Preemo, "Dreamin In July" For months it seemed we couldn't get a word out of Preemo following the tragic shooting that left him hospitalized for a few weeks around this time last year. Somehow, either thanks to Tony Dark's gripping production on his own reluctance in regards to staying silent, he recants that harrowing day in "Dreamin' In July."

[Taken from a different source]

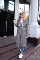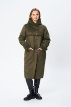 Женственные, элегантные модели актуальны в любом сезоне. Пальто отличает оригинальный дизайн, в основу которого положено контрастное сочетание различных материалов. Импровизированная жилетка с двубортной застежкой на пуговицах смотрится невероятно стильно, а кроме того визуально сужает силуэт, делая фигуру более стройной. Линия талии подчеркнута ремешком, для непогоды предусмотрен капюшон.
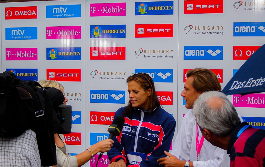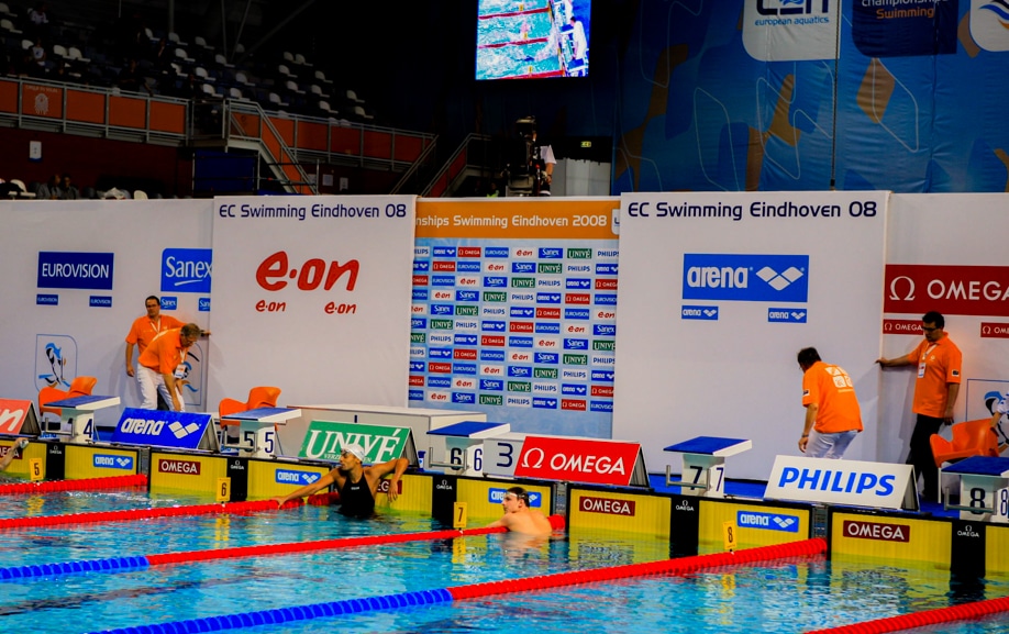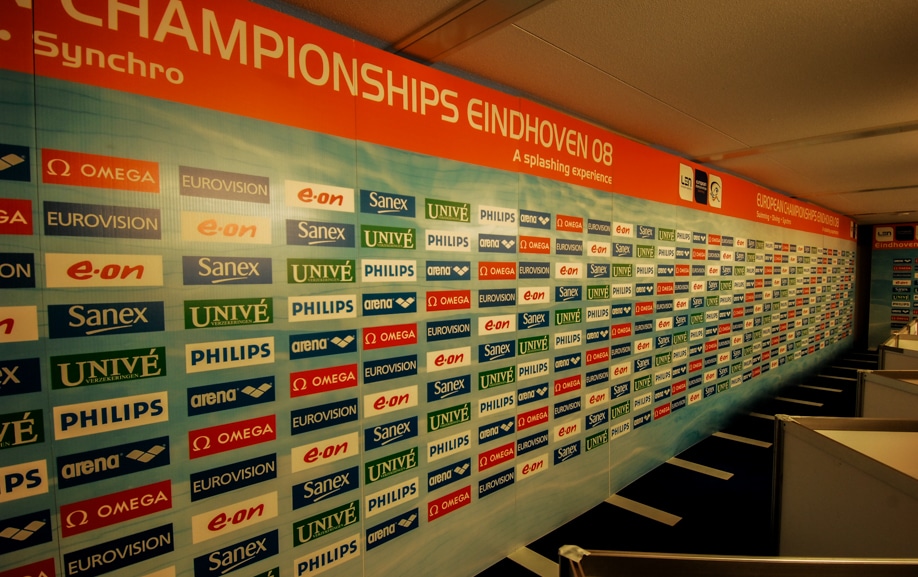 European Aquatics pilote l’organisation et la mise en scène des grandes compétitions aquatiques européennes. À Eindhoven, lors des Championnats d’Europe de natation 2008, la zone médias devait être à la hauteur de l’événement : un espace clair, identifiable et immédiatement prêt, aussi bien pour les interviews rapides que pour les prises de parole plus longues.

There may not be a more honest rap tune released in Houston this year, mainly because of Preemo's imagery. Every show you cautiously watch while cracking jokes, such as Law & Order and First 48, all became reality for the rapper. He takes the second verse to glimpse back on how the night would have ended differently, if he didn't go and try and get that backpack or even get on that bus. He thinks of his son, he thinks of his girl, he thinks of life. He wanted a second shot and got it.
Hollywood FLOSS, "Act Like You Won Before" Really, there's not that much that hasn't been said about Hollywood FLOSS at the moment. Of Houston's elite MCs, he's still the most frequent to put out material, even two-minute loosies such as "Act Like You Won Before." Pair him and Chris Rockaway together and this kind of understated rap is what you get.